Онъ показалъ на сердце. Съ нимъ сдѣлался обморокъ.

Когда онъ пришелъ въ себя, Аркадiй хотѣлъ принять насильственныя мѣры. Онъ хотѣлъ уложить его насильно въ постель. Вася не согласился ни за что. Онъ плакалъ, ломалъ себѣ руки, хотѣлъ писать, хотѣлъ непремѣнно докончить свои двѣ страницы. Чтобъ не разгорячить его, Аркадiй допустилъ его до бумагъ.

 Видишь, сказалъ Вася, усаживаясь на мѣсто:  видишь, и у меня идея пришла, есть надежда.

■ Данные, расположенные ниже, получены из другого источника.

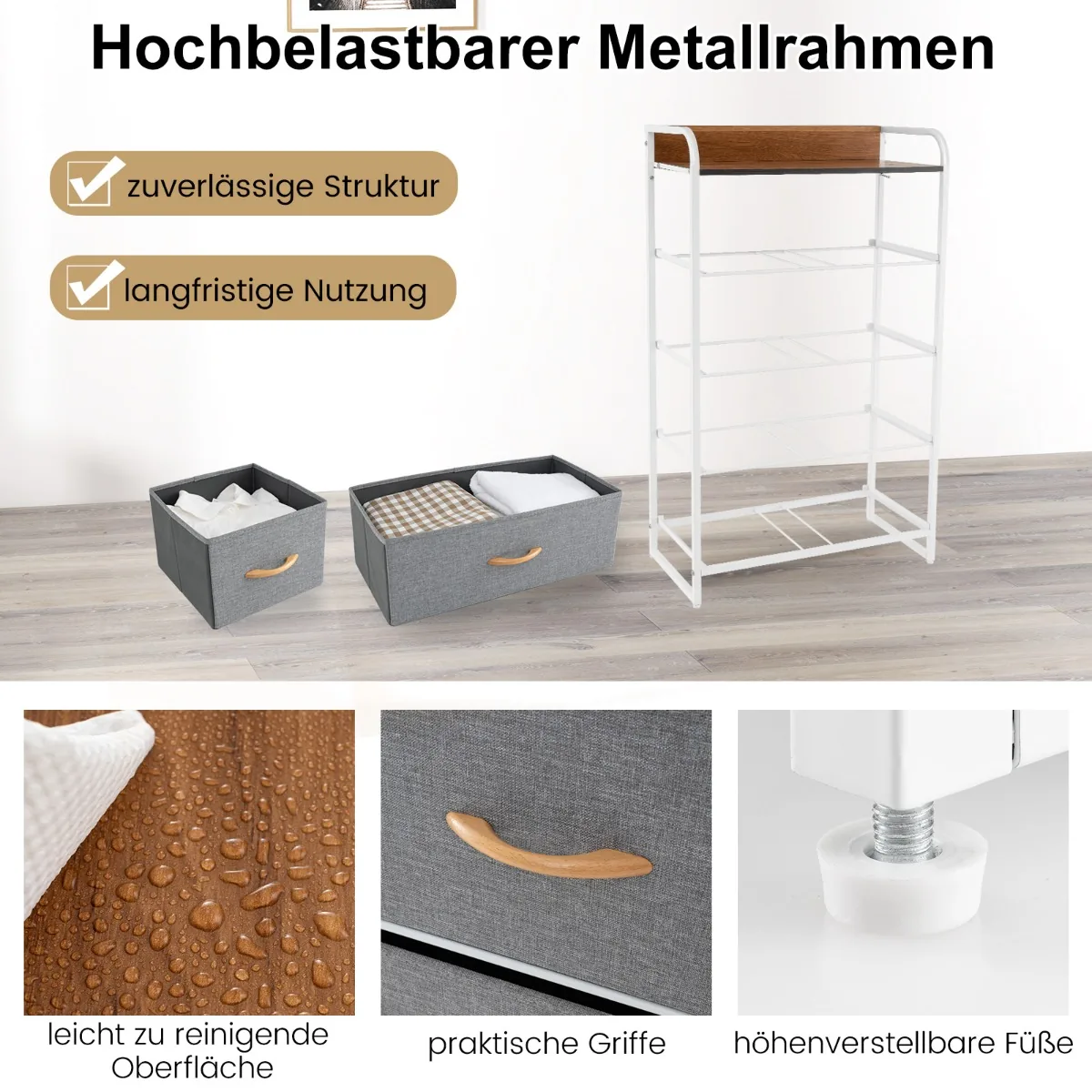 - Penki sulankstomi ir išimami stalčiai suteikia daug vietos drabužiams, žaislams ir kitiems daiktams.

Онъ улыбнулся Аркадiю, и блѣдное лицо его дѣйствительно какъ будто оживилось лучомъ надежды.

 Вотъ что: я понесу ему послѣ завтра не все. Про остальное солгу, скажу, что сгорѣло, что подмокло, что потерялъ... что, наконецъ, ну, не кончилъ, я лгать не могу. Я самъ объясню — знаешь что? я объясню ему все; я скажу: такъ и такъ, не могъ... я разскажу ему про любовь мою; онъ же самъ недавно женился, онъ пойметъ меня! Я сдѣлаю это все, разумѣется, почтительно, тихо; онъ увидитъ слезы мои, онъ тронется ими...

 Да, разумѣется, поди, поди къ нему,

65

объяснись... да тутъ и слезъ не нужно! изъ чего? Право, Вася, ты и меня совсѣмъ запугалъ.

 Да, я пойду, пойду. А теперь дай мнѣ писать, дай мнѣ писать, Аркаша. Я никого не трону, дай мнѣ писать!

Аркадiй бросился на постель. Онъ не довѣрялъ Васѣ, рѣшительно не довѣрялъ. Вася былъ способенъ на все. Но просить прощенiя, въ чемъ, какъ? Дѣло было не въ томъ. Дѣло было въ томъ, что Вася не исполнилъ обязанностей, что Вася чувствуетъ себя виноватымъ самъ предъ собою, чувствуетъ себя неблагодарнымъ къ судьбѣ, что Вася подавленъ, потрясенъ счастiемъ и считаетъ себя его недостойнымъ, что, наконецъ, онъ отъискалъ себѣ только предлогъ повихнуть на эту сторону, а что со вчерашняго дня еще не опомнился отъ своей неожиданности; вотъ что такое! подумалъ Аркадiй Ивановичъ. Нужно спасти его. Нужно помирить его съ самимъ–собою. Онъ самъ себя отпѣваетъ.  Онъ думалъ, думалъ, да и рѣшилъ немедленно идти къ Юлiану Мастаковичу, завтра же идти и разсказать ему все.

Вася сидѣлъ и писалъ. Измученный Аркадiй Ивановичъ прилегъ, чтобъ пораздумать о дѣлѣ опять, и проснулся передъ разсвѣтомъ.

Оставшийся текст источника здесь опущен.